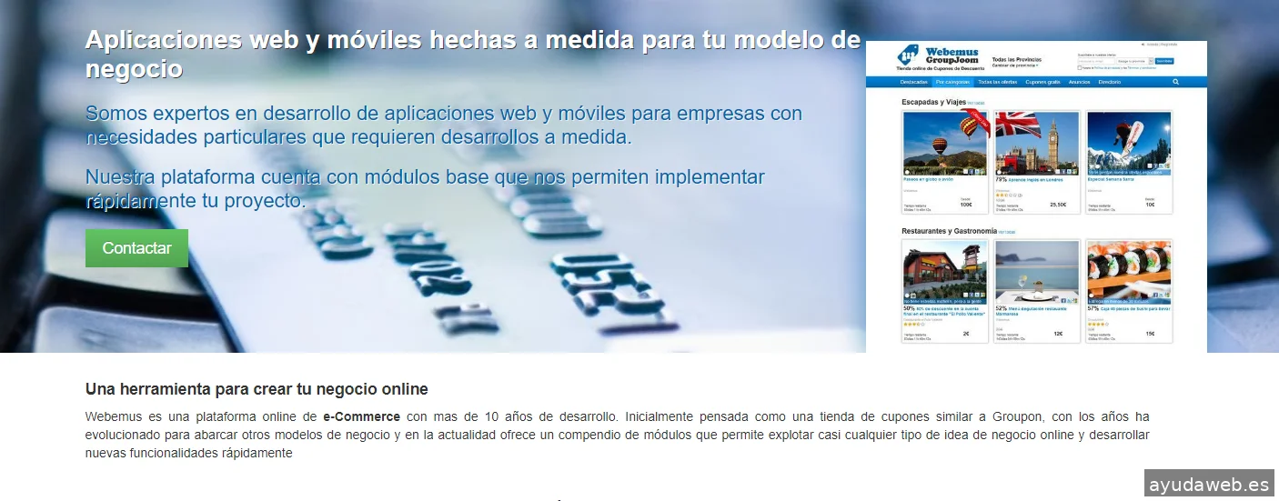 Aplicaciones web y móviles hechas a medida para tu modelo de negocio. Somos expertos en desarrollo de aplicaciones web y móviles para empresas con necesidades particulares que requieren desarrollos a medida. Nuestra plataforma cuenta con módulos base que nos permiten implementar rápidamente tu proyecto. Una herramienta para crear tu negocio online Webemus es una plataforma online de e-Commerce con mas de 10 años de desarrollo. Inicialmente pensada como una tienda de cupones similar a Groupon, con los años ha evolucionado para abarcar otros modelos de negocio y en la actualidad ofrece un compendio de módulos que permite explotar casi cualquier tipo de idea de negocio online y desarrollar nuevas funcionalidades rápidamente.
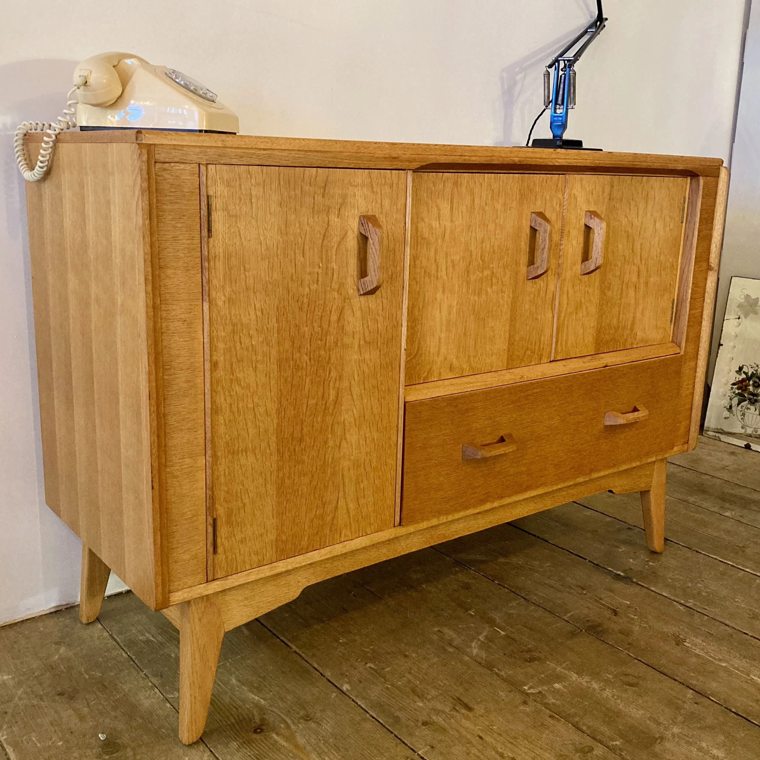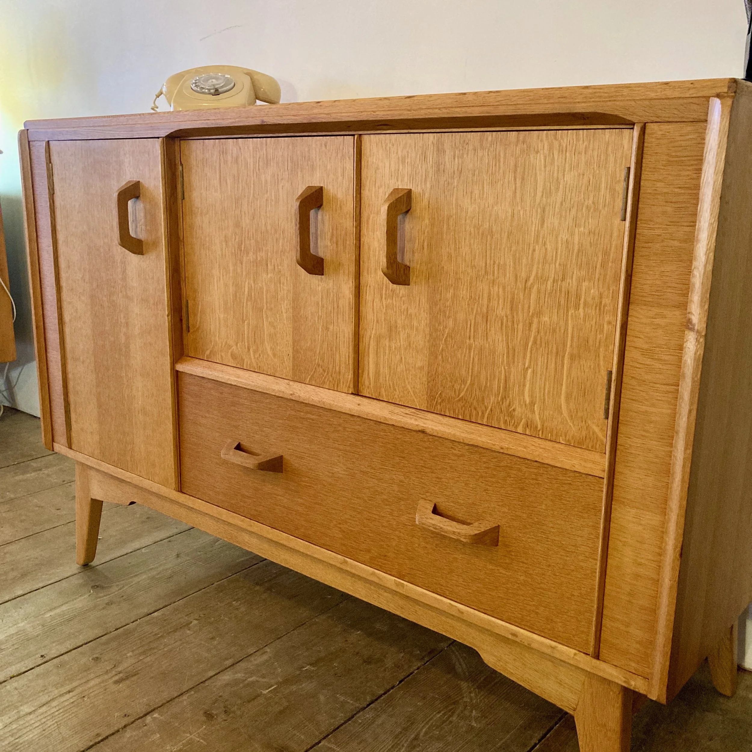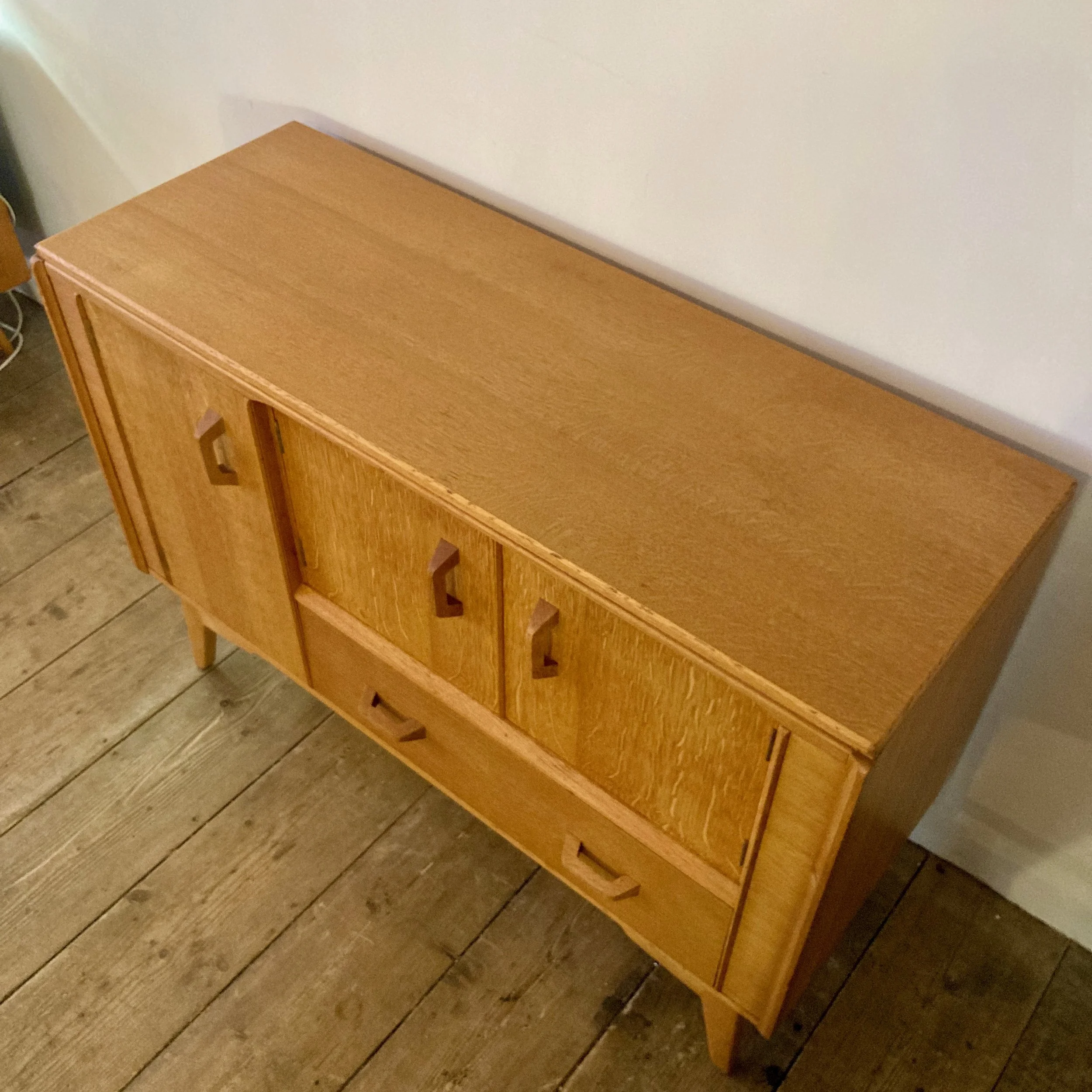 The warm oak grain, compact proportions and elegant mid-century lines make it a versatile addition to living rooms, dining spaces or hallways. Practical yet full of character, it embodies the quality and thoughtful design of G Plan’s earliest furniture.
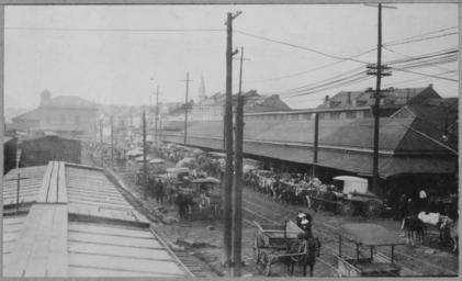 | Keywords: Horse-drawn wagons line the narrow street in front of New Orleans' French Market, 01-1915 - NARA - 521050.tif Local identifier 83-G-3121 Department of Agriculture Bureau of Agricultural Economics Division of Economic Information ca 1922 - ca 1953 Still Picture Records Section Special Media Archives Services Division NWCS-S National Archives at College Park 8601 Adelphi Road College Park MD 20740-6001 01/1915 Record group Record Group 83 Records of the Bureau of Agricultural Economics 1876 - 1959 Record group ARC 412 Photographic Prints Documenting Programs and Activities of the Bureau of Agricultural Economics and Predecessor Agencies compiled ca 1922 - ca 1947 documenting the period ca 1911 - ca 1947 Series ARC 521048 Variant control numbers NAIL Control Number NWDNS-83-G-3121<br /> Select List Identifier AMCITY 39 General notes Scope and content File unit File unit ARC yes Other versions <gallery> File Horse-drawn_wagons_line_the_narrow_street_in_front_of_New_Orleans'_French_Market _01-1915_-_NARA_-_521050 tif tif File Horse-drawn_wagons_line_the_narrow_street_in_front_of_New_Orleans'_French_Market _01-1915_-_NARA_-_521050 jpg jpg File French Market wagons New Orleans 1915 jpg File French Market Horse Wagons January 1915 jpg </gallery> NARA-cooperation PD-USGov Horse-drawn wagons line the narrow street in front of New Orleans' French Market January 1915 NARA TIF images with categorized JPGs |
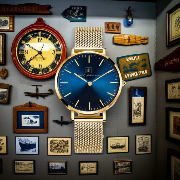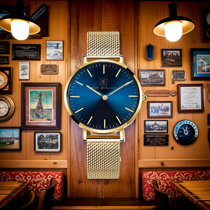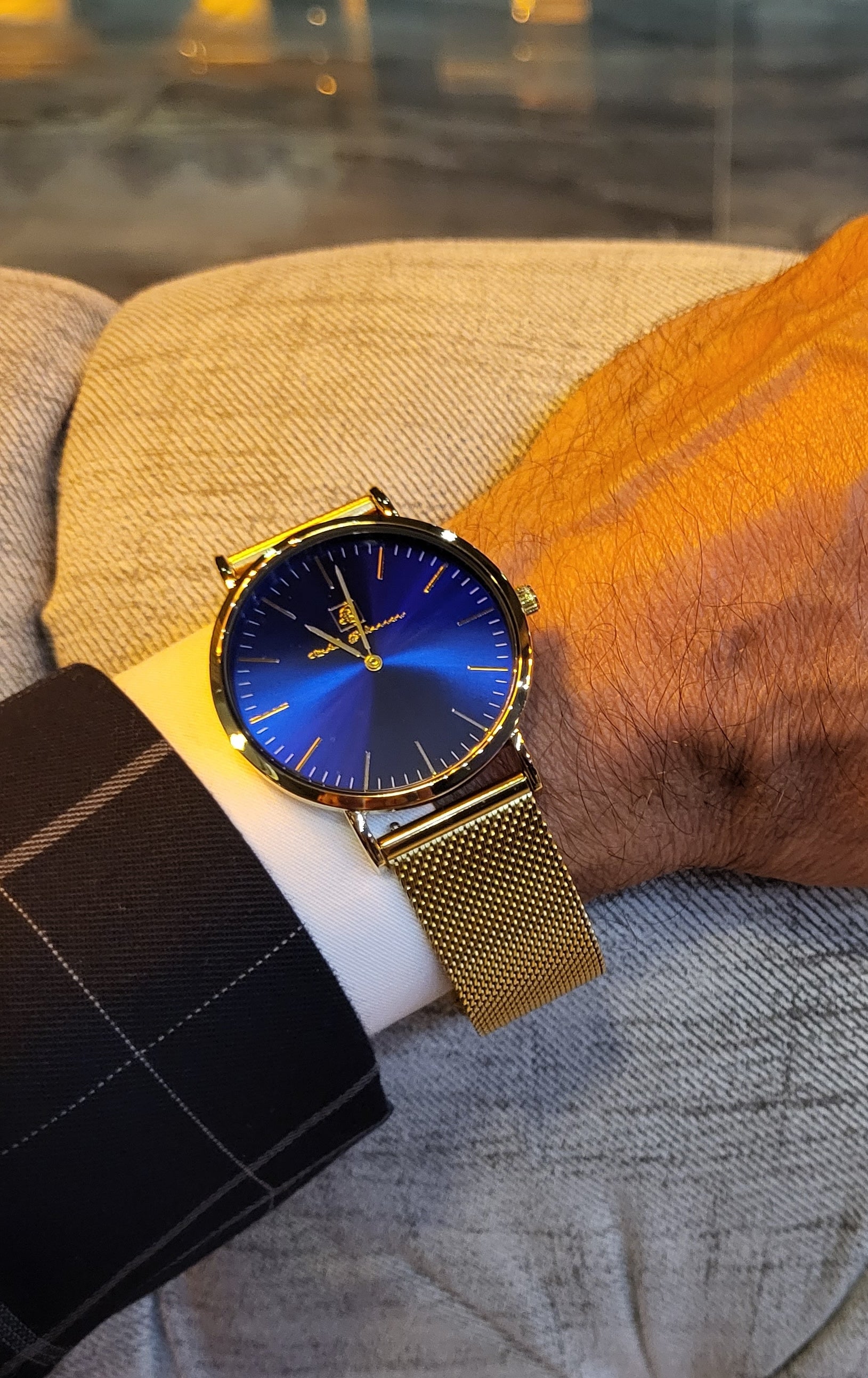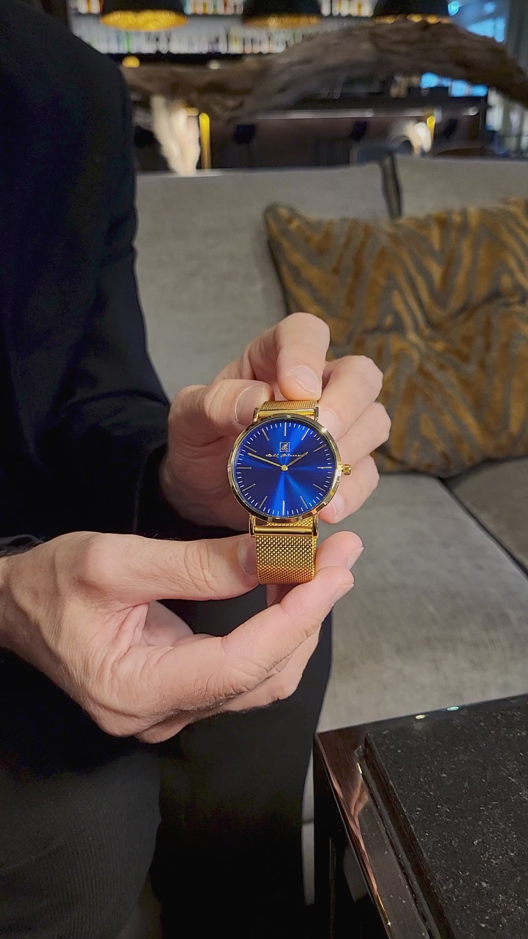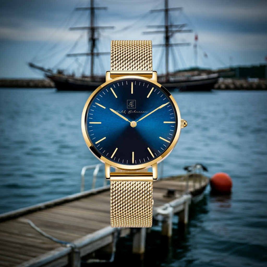 Diese Unisex- Uhr in Gold mit Milanese Armband und blauem Ziffernblatt beeindruckt durch ihre harmonische Kombination aus luxuriösem Design und kraftvollen Farbakzenten. Das feine, goldene Milanese Armband verleiht der Uhr eine elegante und moderne Optik, während das tiefblaue Ziffernblatt einen ausdrucksstarken Kontrast schafft. Die goldenen Zeiger und Markierungen auf dem Ziffernblatt fügen sich nahtlos in das edle Gesamtbild ein und machen die Uhr zu einem wahren Blickfang. Perfekt für Frauen, die Wert auf ein stilvolles Accessoire legen, das sowohl im Alltag als auch zu besonderen Anlässen getragen werden kann.
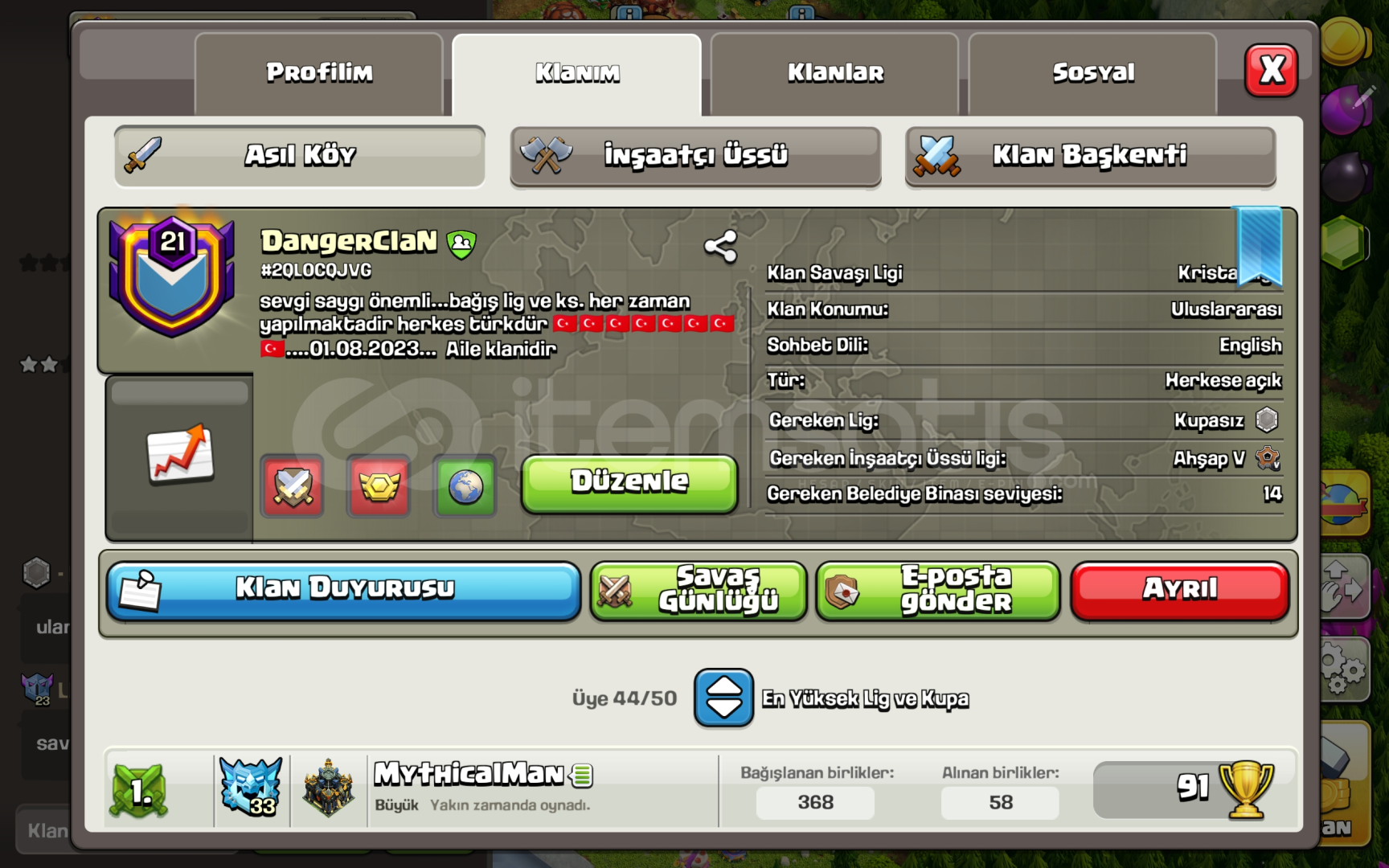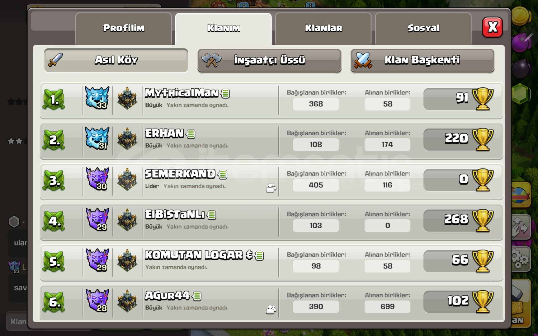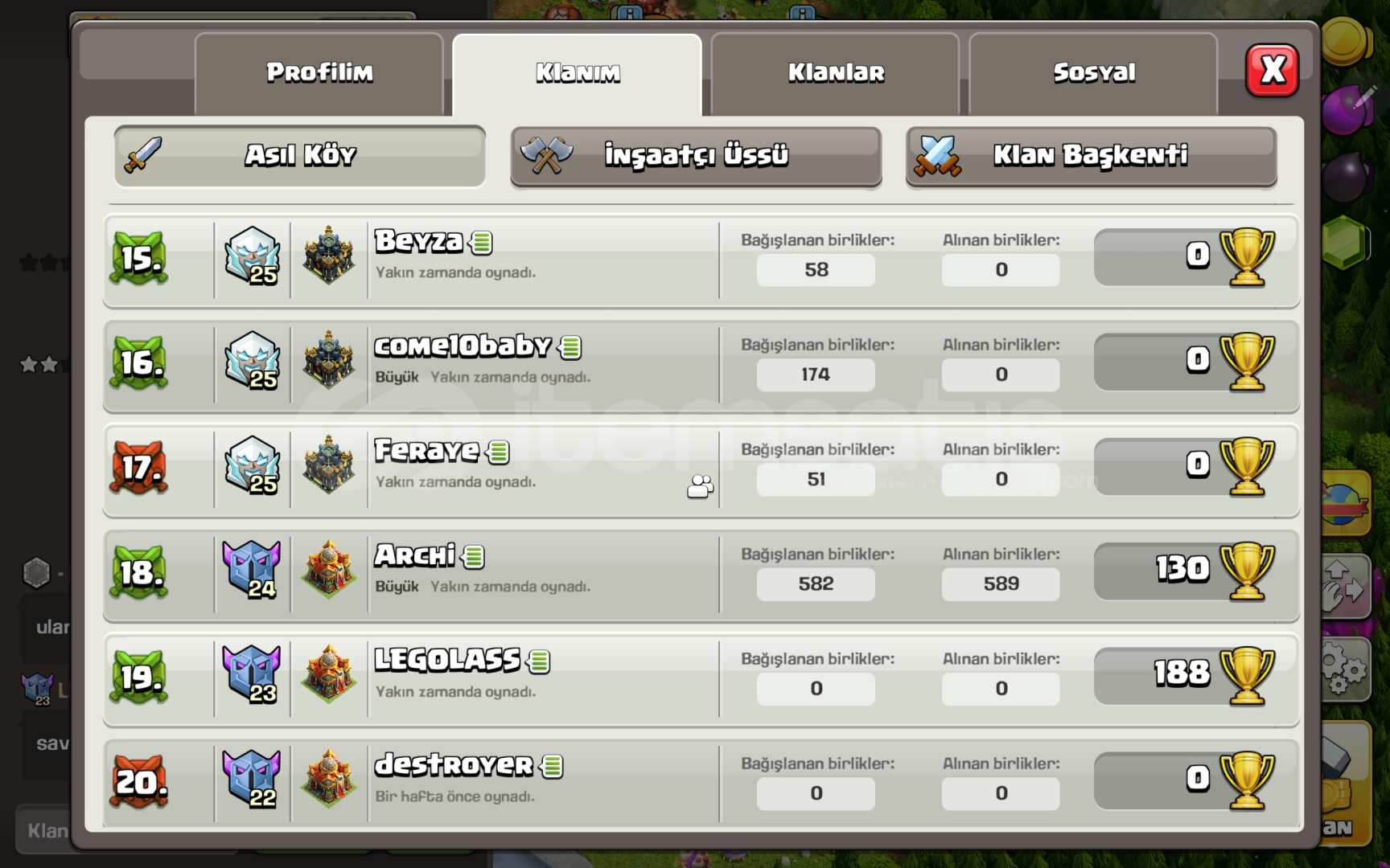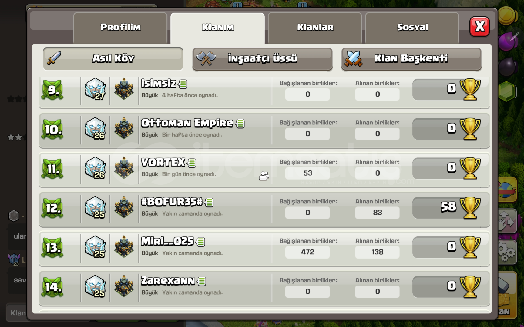 21 sv klan baskenti fulldur 10. Sv belediye baskent ve herseyi maxdir klan aktiftir ligde 2. Saglam klan aktif ve guclu 10+ full hesap vardir ve herkes aktiftir sadece 5000tl
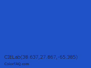 CIELab 38.637,27.867,-65.385 Color is a normal blue color and the nearest color is New Car #214fc6. Hex code #1f52c7 and RGB value is rgb(31,82,199). In RGB color space, this color is composed of 12% red, 32% green, 78% blue, In CMYK color space, this color is composed of 84% cyan, 59% magenta, 0% yellow , 22% black , In HSL color space, this color has a hue angle of 222° , 73% saturation and 45% lightness.
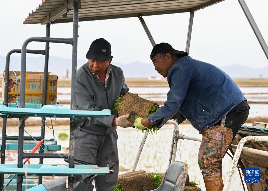 5月23日,達拉特旗昭君鎮(zhèn)村民在為農(nóng)機添加秧苗。

***

• _EXERCISE INSTRUCTIONS_
In the answer, the entries should be restated verbatim, with all pictures omitted.

• _EXERCISE SOLUTION_
 Aplicaciones web y móviles hechas a medida para tu modelo de negocio. Somos expertos en desarrollo de aplicaciones web y móviles para empresas con necesidades particulares que requieren desarrollos a medida. Nuestra plataforma cuenta con módulos base que nos permiten implementar rápidamente tu proyecto. Una herramienta para crear tu negocio online Webemus es una plataforma online de e-Commerce con mas de 10 años de desarrollo. Inicialmente pensada como una tienda de cupones similar a Groupon, con los años ha evolucionado para abarcar otros modelos de negocio y en la actualidad ofrece un compendio de módulos que permite explotar casi cualquier tipo de idea de negocio online y desarrollar nuevas funcionalidades rápidamente.
 The warm oak grain, compact proportions and elegant mid-century lines make it a versatile addition to living rooms, dining spaces or hallways. Practical yet full of character, it embodies the quality and thoughtful design of G Plan’s earliest furniture.
 | Keywords: Horse-drawn wagons line the narrow street in front of New Orleans' French Market, 01-1915 - NARA - 521050.tif Local identifier 83-G-3121 Department of Agriculture Bureau of Agricultural Economics Division of Economic Information ca 1922 - ca 1953 Still Picture Records Section Special Media Archives Services Division NWCS-S National Archives at College Park 8601 Adelphi Road College Park MD 20740-6001 01/1915 Record group Record Group 83 Records of the Bureau of Agricultural Economics 1876 - 1959 Record group ARC 412 Photographic Prints Documenting Programs and Activities of the Bureau of Agricultural Economics and Predecessor Agencies compiled ca 1922 - ca 1947 documenting the period ca 1911 - ca 1947 Series ARC 521048 Variant control numbers NAIL Control Number NWDNS-83-G-3121<br /> Select List Identifier AMCITY 39 General notes Scope and content File unit File unit ARC yes Other versions <gallery> File Horse-drawn_wagons_line_the_narrow_street_in_front_of_New_Orleans'_French_Market _01-1915_-_NARA_-_521050 tif tif File Horse-drawn_wagons_line_the_narrow_street_in_front_of_New_Orleans'_French_Market _01-1915_-_NARA_-_521050 jpg jpg File French Market wagons New Orleans 1915 jpg File French Market Horse Wagons January 1915 jpg </gallery> NARA-cooperation PD-USGov Horse-drawn wagons line the narrow street in front of New Orleans' French Market January 1915 NARA TIF images with categorized JPGs |
 Diese Unisex- Uhr in Gold mit Milanese Armband und blauem Ziffernblatt beeindruckt durch ihre harmonische Kombination aus luxuriösem Design und kraftvollen Farbakzenten. Das feine, goldene Milanese Armband verleiht der Uhr eine elegante und moderne Optik, während das tiefblaue Ziffernblatt einen ausdrucksstarken Kontrast schafft. Die goldenen Zeiger und Markierungen auf dem Ziffernblatt fügen sich nahtlos in das edle Gesamtbild ein und machen die Uhr zu einem wahren Blickfang. Perfekt für Frauen, die Wert auf ein stilvolles Accessoire legen, das sowohl im Alltag als auch zu besonderen Anlässen getragen werden kann.
 21 sv klan baskenti fulldur 10. Sv belediye baskent ve herseyi maxdir klan aktiftir ligde 2. Saglam klan aktif ve guclu 10+ full hesap vardir ve herkes aktiftir sadece 5000tl
 CIELab 38.637,27.867,-65.385 Color is a normal blue color and the nearest color is New Car #214fc6. Hex code #1f52c7 and RGB value is rgb(31,82,199). In RGB color space, this color is composed of 12% red, 32% green, 78% blue, In CMYK color space, this color is composed of 84% cyan, 59% magenta, 0% yellow , 22% black , In HSL color space, this color has a hue angle of 222° , 73% saturation and 45% lightness.
 5月23日,達拉特旗昭君鎮(zhèn)村民在為農(nóng)機添加秧苗。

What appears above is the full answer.